Salah satu alasan ia mengurung Pang Muncheon di Wall-Facing Cave adalah untuk melakukan eksperimen dan Remnant Heart Extreme Incense adalah perangkat untuk tes itu.

Mengetahui hal ini, Pang Muncheon telah diam-diam melafalkan Pure Heart Secret bahkan tanpa energi internal.

‘Ini merepotkan.’ (Dae Guhwi)

Namun Dae Guhwi yang telah berlatih Beast Martial Arts merasakan gelombang niat membunuh naik di dalam dirinya setelah menghirup dupa. Sampai sekarang ia tidak dapat sepenuhnya memanifestasikan Power of the Wild.

Tetapi berkat melepaskan amarahnya di Valley of Lost Souls, ia dapat sekali lagi mengeluarkan Power of the Wild. Terlebih lagi, berkat ajaran Nae Bihon yang menemaninya selama ini, ia telah memasuki tahap awal Wild Beast Style.

Sekarang ia bisa memanifestasikan dan menarik Power of the Wild sesuka hati.

Namun aroma Remnant Heart Extreme Incense terlepas dari kendalinya, memprovokasi aura pembunuh yang tak henti-hentinya.

Jika ia gagal menahannya, ia akan secara tidak sengaja melepaskan Power of the Wild. Dan jika itu terjadi, ia akan kehilangan akal sehatnya dan menjadi satu binatang buas yang hanya mendambakan pembantaian.
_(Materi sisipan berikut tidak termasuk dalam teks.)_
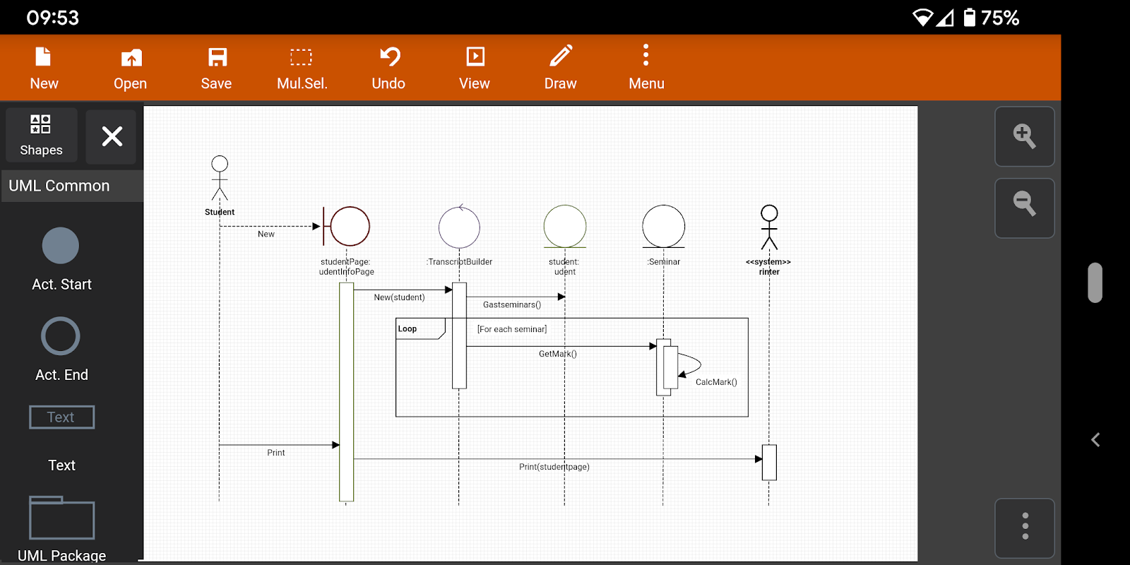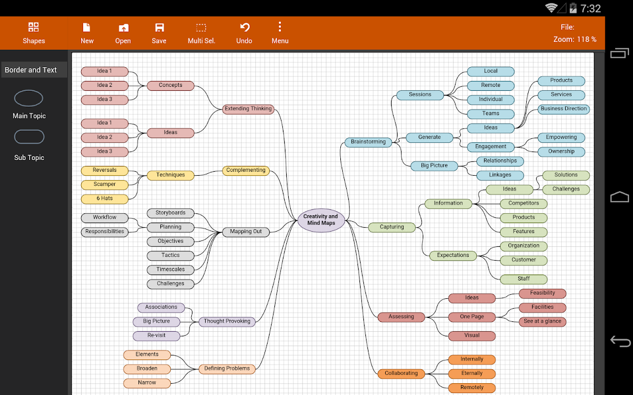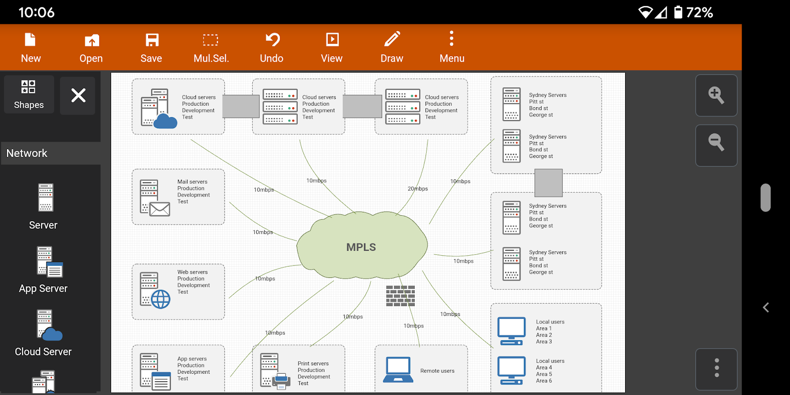 O aplicativo foi projetado com facilidade de uso em mente. Você pode conectar rapidamente formas de fluxograma simplesmente selecionando os pontos de conexão inicial e final e adicionar rapidamente novas raias a um diagrama de raias ou novos subtópicos a um diagrama de mapa mental usando o botão "+" no menu de forma de raia ou mapa mental selecionado. Os subtópicos do mapa mental são posicionados automaticamente na página, mas podem ser movidos facilmente conforme necessário.

‘Aku harus menahannya.’ Dae Guhwi dengan tenang mengedarkan Thunder Spirit Divine Art yang diturunkan oleh Nae Bihon. (Dae Guhwi)
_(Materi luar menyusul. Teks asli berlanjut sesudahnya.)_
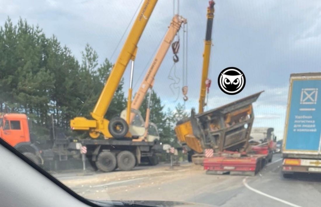 На участке федеральной трассы М-5 с платформы низкорамного трала упал трактор. В результате произошедшего он оказался прямо на проезжей части и помешал движению попутных транспортных средств.

Kemudian Thunder Spirit Energy yang tertidur di dalam tubuhnya mulai mengalir deras melalui meridiannya.

Crackle crackle.

Saat ia mengoperasikan Thunder Spirit Divine Art sambil menekan niat membunuh yang eksplosif, Remnant Heart Extreme Incense yang terserap ke dalam tubuhnya berangsur-angsur menghilang.

Crack pop.

Tanpa menghentikan sirkulasinya, suara tulang dan otot retak bergema tanpa henti dari bingkainya.

Saat Power of the Wild dan Thunder Spirit Energy menyatu, fisiknya sedang diselaraskan kembali.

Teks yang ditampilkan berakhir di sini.